↓
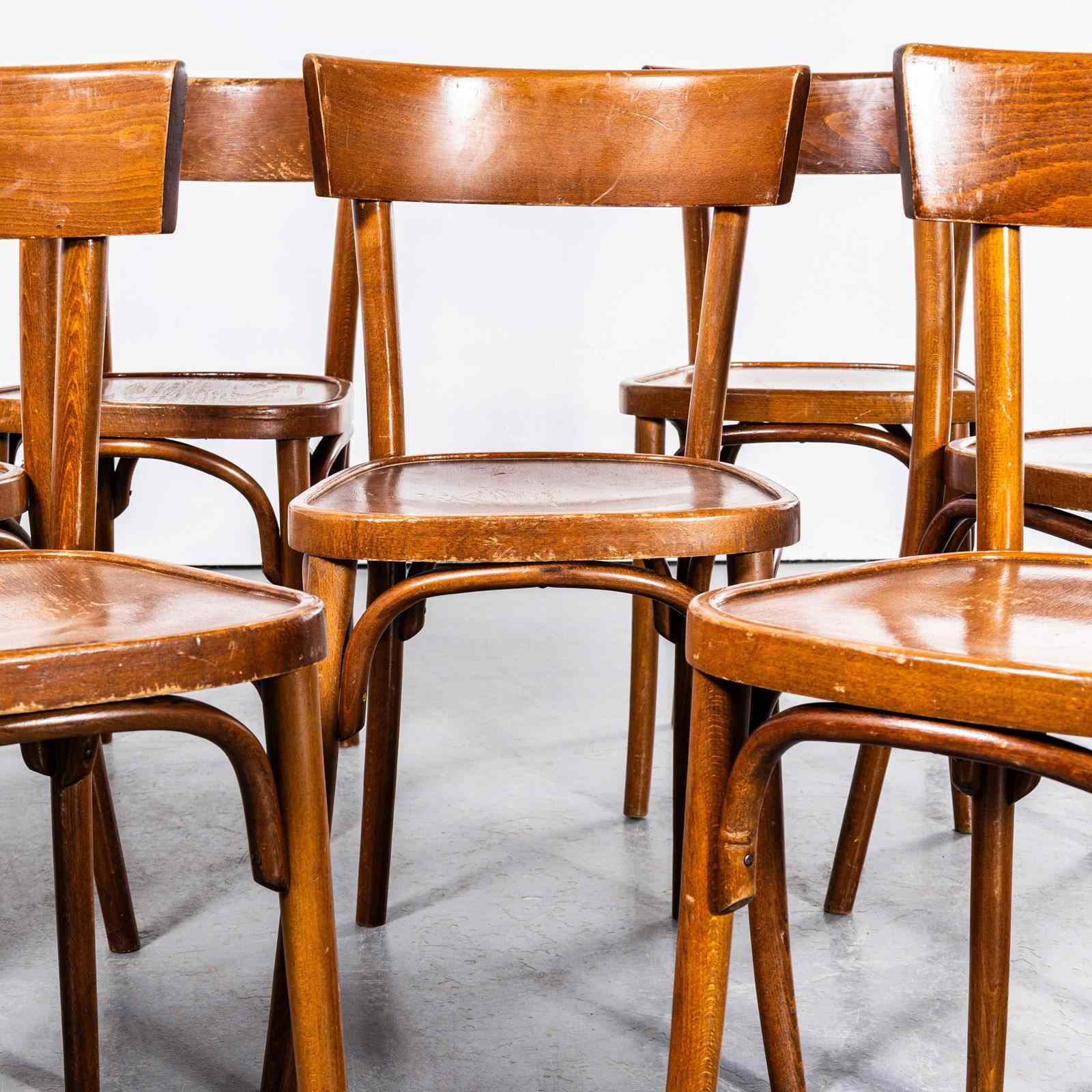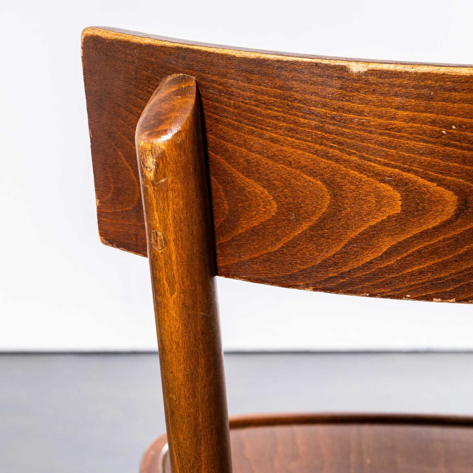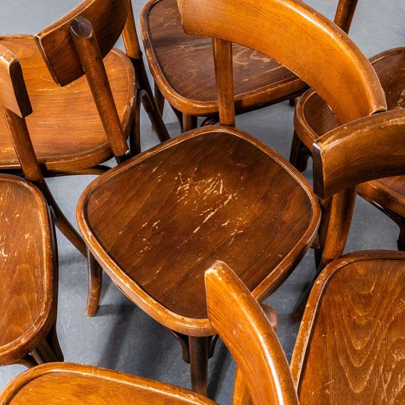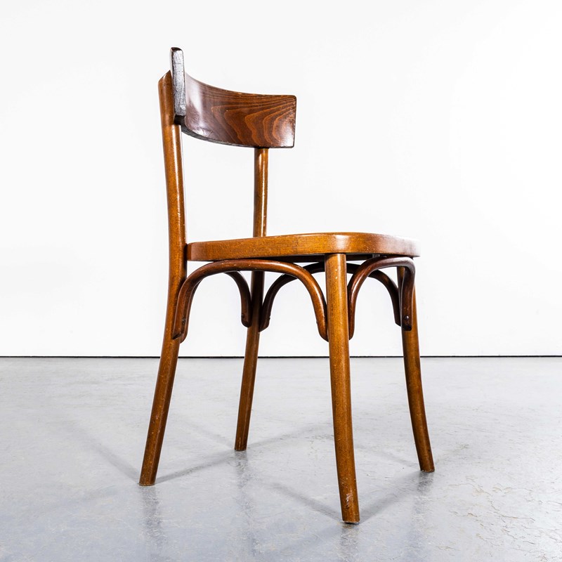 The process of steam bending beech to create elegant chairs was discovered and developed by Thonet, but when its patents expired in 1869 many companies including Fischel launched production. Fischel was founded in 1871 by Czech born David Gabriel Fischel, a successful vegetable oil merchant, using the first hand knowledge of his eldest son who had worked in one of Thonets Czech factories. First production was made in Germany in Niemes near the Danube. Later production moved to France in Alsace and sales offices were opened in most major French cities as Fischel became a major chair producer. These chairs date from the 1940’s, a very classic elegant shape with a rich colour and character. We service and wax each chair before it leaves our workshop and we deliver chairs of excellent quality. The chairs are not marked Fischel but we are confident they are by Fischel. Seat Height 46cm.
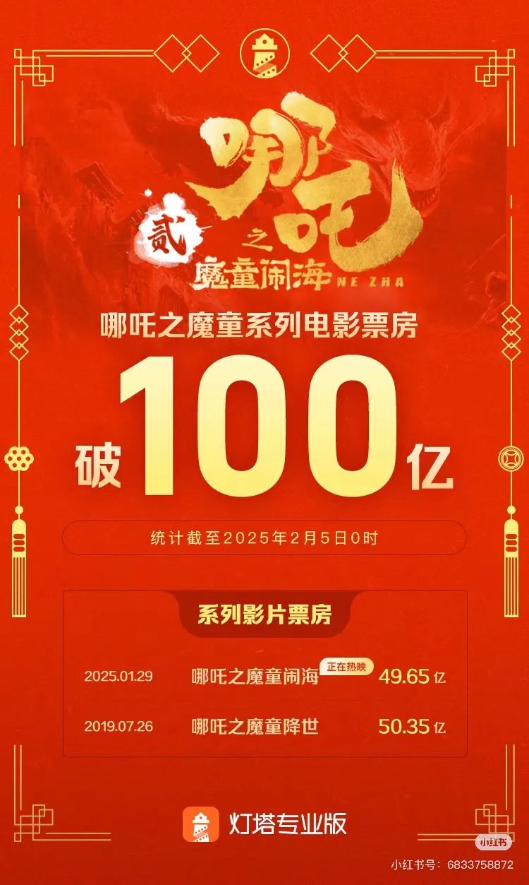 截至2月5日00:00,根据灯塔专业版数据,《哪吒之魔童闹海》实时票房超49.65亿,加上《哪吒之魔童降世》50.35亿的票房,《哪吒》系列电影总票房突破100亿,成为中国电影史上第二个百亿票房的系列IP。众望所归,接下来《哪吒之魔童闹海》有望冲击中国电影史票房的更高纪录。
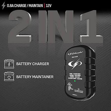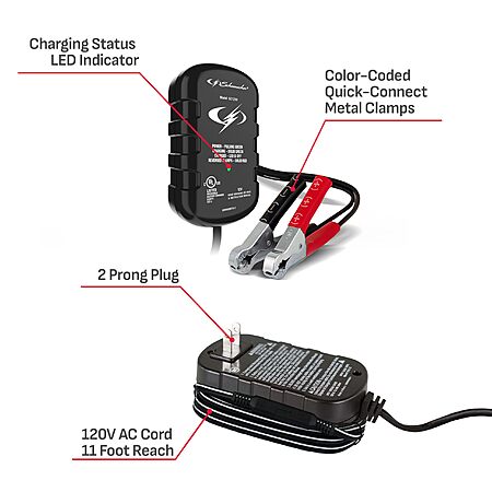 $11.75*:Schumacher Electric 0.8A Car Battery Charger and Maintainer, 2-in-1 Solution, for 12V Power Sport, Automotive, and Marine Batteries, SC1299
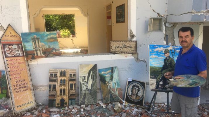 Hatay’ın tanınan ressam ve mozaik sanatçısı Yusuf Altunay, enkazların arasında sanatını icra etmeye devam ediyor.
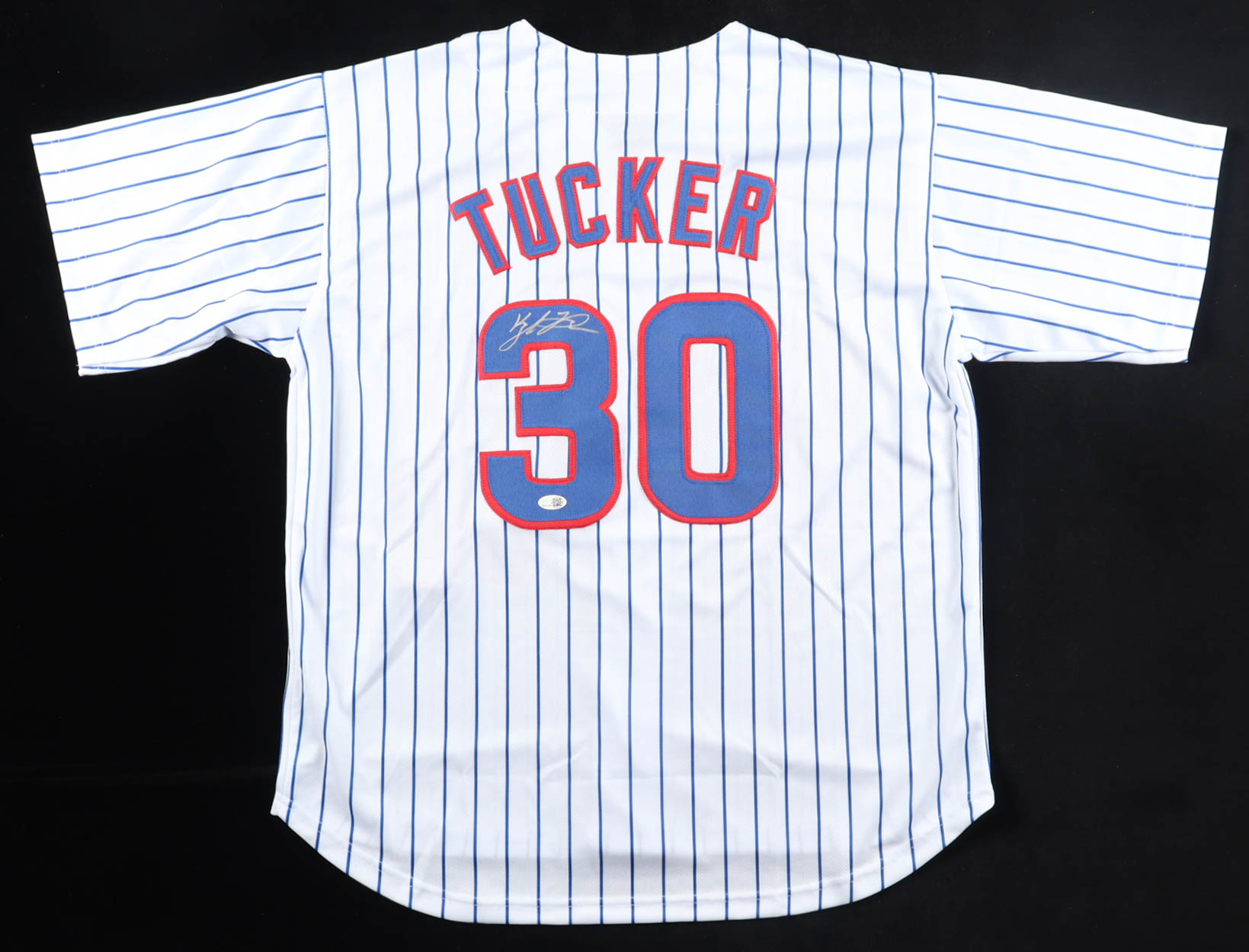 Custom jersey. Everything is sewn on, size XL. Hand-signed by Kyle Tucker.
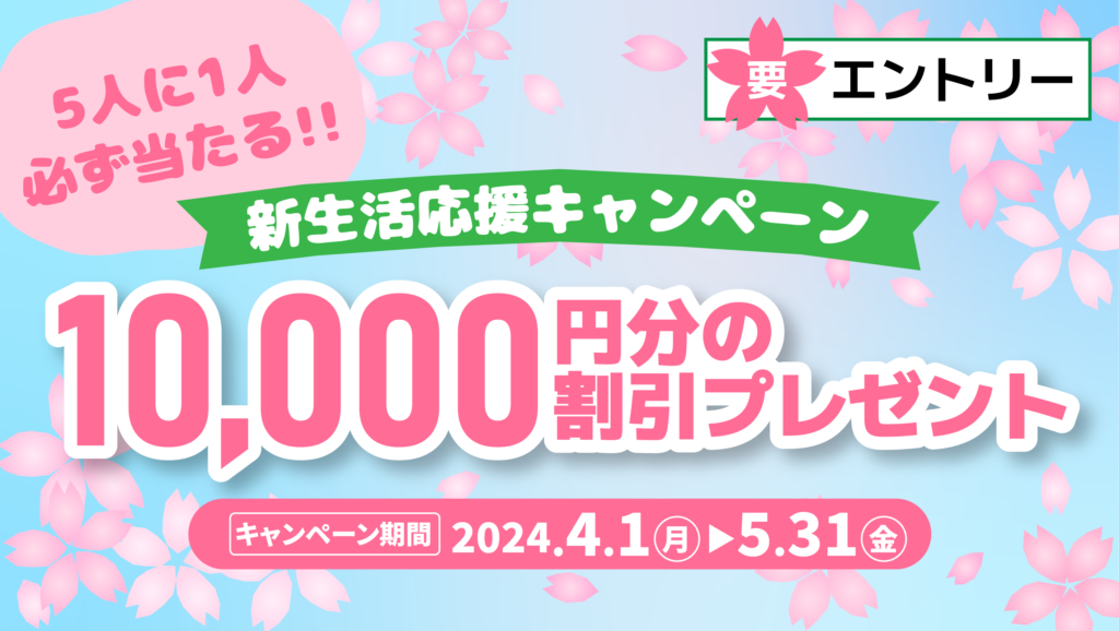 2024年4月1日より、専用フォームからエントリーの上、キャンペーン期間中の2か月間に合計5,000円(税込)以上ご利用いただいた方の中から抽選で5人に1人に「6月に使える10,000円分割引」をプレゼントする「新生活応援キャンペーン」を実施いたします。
↑
## Exercise
The answer must consist solely of the lines from the line containing "Hatay’ın tanınan ressam" to the end of the data, reproduced exactly, with every picture left out.

## Expected answer
 Hatay’ın tanınan ressam ve mozaik sanatçısı Yusuf Altunay, enkazların arasında sanatını icra etmeye devam ediyor.
 Custom jersey. Everything is sewn on, size XL. Hand-signed by Kyle Tucker.
 2024年4月1日より、専用フォームからエントリーの上、キャンペーン期間中の2か月間に合計5,000円(税込)以上ご利用いただいた方の中から抽選で5人に1人に「6月に使える10,000円分割引」をプレゼントする「新生活応援キャンペーン」を実施いたします。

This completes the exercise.